# Hi all :D



## bev (Jul 21, 2013)

Hi I'm from England wirral ( by Liverpool ) I have 7 chickens 1 hen 4 7 week olds and 2 4 week olds, I have no idea what breed my 7 week olds are or if they are Roos but have a feeling I have 2 so far. Hope to chat to you all it will be nice to learn from you


----------



## chickflick (Sep 23, 2012)

Welcome!! Learn from each other! Always something new to learn..


----------



## MatthewBK (Sep 24, 2012)

Greetings from Eastern US!!
Always glad to see new people around here! 

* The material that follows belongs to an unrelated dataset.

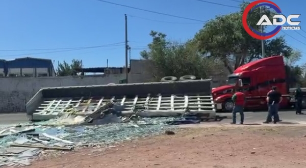 De acuerdo con los primeros reportes, el accidente ocurrió presuntamente por una mala maniobra del operador, provocando que la caja se volcara sobre su costado izquierdo. La unidad transportaba cerca de 30 toneladas de vidrio, las cuales quedaron esparcidas en un predio cercano, ocasionando pérdidas materiales considerables.
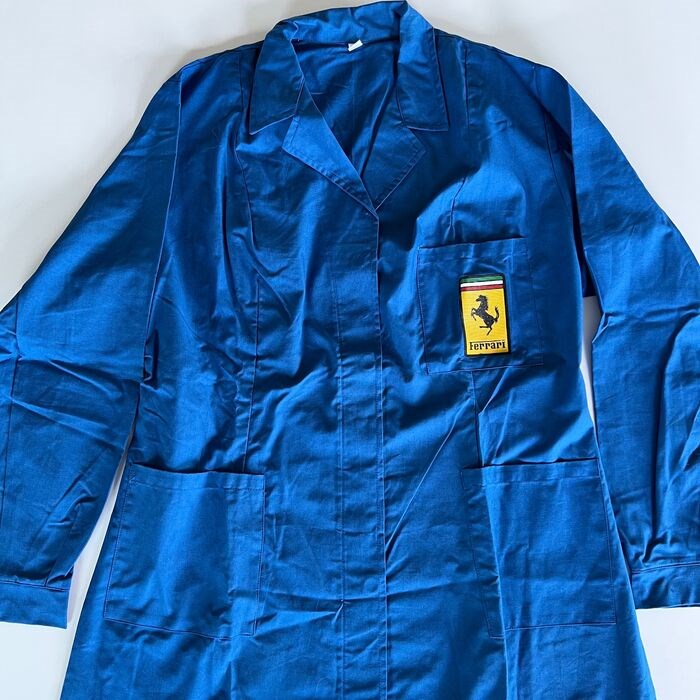 Er wordt geveild een officiële Ferrari-monteurswerkjas in maat L, uit GT-productie, die dateert uit de jaren 80, toen overalls nog blauw waren.

PS- Make sure to post pictures of your flock!


----------



## LittleWings (Jul 15, 2013)

Howdy from Texas! Welcome!!


----------



## rob (Jun 20, 2012)

hello from here in sunny cardiff. and welcome aboard.


----------



## bev (Jul 21, 2013)

Some pics of my baby's  sadly 2 will be leaving me soon as I think they are boys :-( fingers cross that the others don't turn out to be. Thank you everyone for your welcomes xx


----------



## MatthewBK (Sep 24, 2012)

bev said:


> Some pics of my baby's  sadly 2 will be leaving me soon as I think they are boys :-( fingers cross that the others don't turn out to be. Thank you everyone for your welcomes xx


Quite a variety in color you have there!  Never a bad thing.
I'll keep my fingers crossed for you!


----------



## jacksonT (Jul 14, 2013)

Greetings from Wisconsin. 

You have some cool looking chicks there!


----------



## bev (Jul 21, 2013)

They grow up so fast... I will have to get up to date pics tomorrow as the first two are getting big kid feathers now and not so small


----------



## lititzchic (Apr 7, 2013)

Hello and welcome from Pennsylvania!


----------